--- START ---
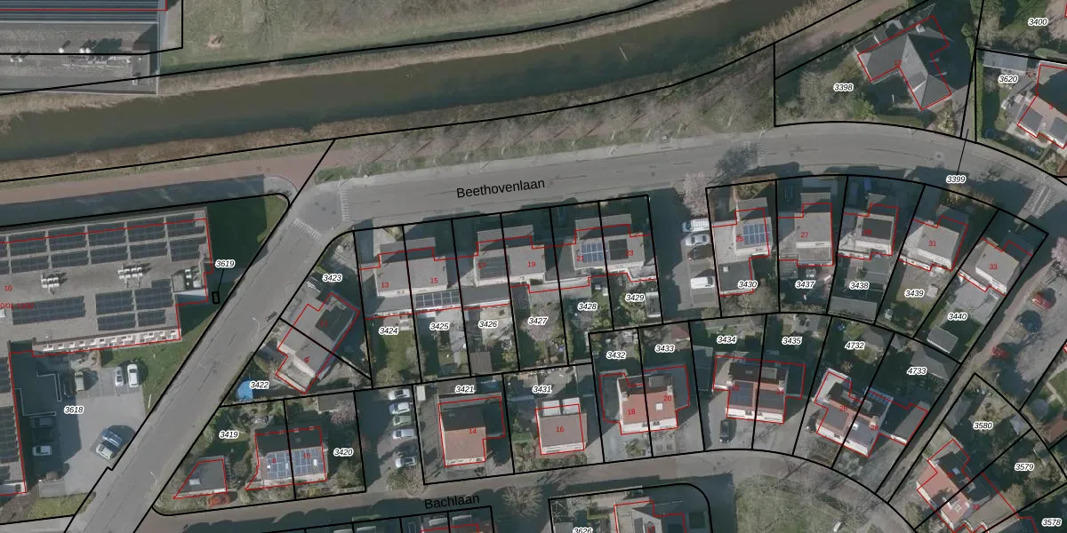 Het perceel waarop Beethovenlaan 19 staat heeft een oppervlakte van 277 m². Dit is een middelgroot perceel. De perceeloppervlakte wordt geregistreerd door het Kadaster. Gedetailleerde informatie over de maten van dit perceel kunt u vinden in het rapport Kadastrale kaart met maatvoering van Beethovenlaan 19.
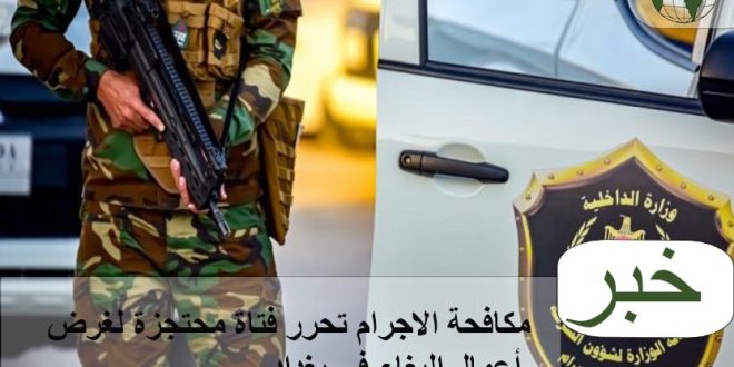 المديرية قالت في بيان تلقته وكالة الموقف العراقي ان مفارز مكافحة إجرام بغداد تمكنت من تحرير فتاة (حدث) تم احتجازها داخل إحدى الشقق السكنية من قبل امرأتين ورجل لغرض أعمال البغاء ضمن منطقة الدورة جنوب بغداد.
--- END ---
--- START ---
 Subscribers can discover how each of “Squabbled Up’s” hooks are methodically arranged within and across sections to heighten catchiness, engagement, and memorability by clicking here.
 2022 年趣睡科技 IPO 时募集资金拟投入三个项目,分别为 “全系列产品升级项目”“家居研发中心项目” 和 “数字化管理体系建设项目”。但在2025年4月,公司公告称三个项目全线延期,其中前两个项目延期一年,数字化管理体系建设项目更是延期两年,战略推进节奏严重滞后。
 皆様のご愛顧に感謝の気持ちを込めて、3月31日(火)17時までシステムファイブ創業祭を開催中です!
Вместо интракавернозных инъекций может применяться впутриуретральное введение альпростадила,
--- END ---
--- START ---
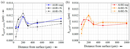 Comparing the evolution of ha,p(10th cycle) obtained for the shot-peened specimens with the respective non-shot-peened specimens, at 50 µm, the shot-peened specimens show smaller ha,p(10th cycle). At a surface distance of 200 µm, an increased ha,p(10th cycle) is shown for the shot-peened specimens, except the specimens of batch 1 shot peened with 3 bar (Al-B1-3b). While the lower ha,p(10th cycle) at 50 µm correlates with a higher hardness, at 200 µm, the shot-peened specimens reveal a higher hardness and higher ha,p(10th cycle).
--- END ---
What do the lines above say from the one containing "Subscribers can discover" down to the one containing "2022 年趣睡科技 IPO"? Return them exactly, both end lines included, and only them.

> **Written answer**:
 Subscribers can discover how each of “Squabbled Up’s” hooks are methodically arranged within and across sections to heighten catchiness, engagement, and memorability by clicking here.
 2022 年趣睡科技 IPO 时募集资金拟投入三个项目,分别为 “全系列产品升级项目”“家居研发中心项目” 和 “数字化管理体系建设项目”。但在2025年4月,公司公告称三个项目全线延期,其中前两个项目延期一年,数字化管理体系建设项目更是延期两年,战略推进节奏严重滞后。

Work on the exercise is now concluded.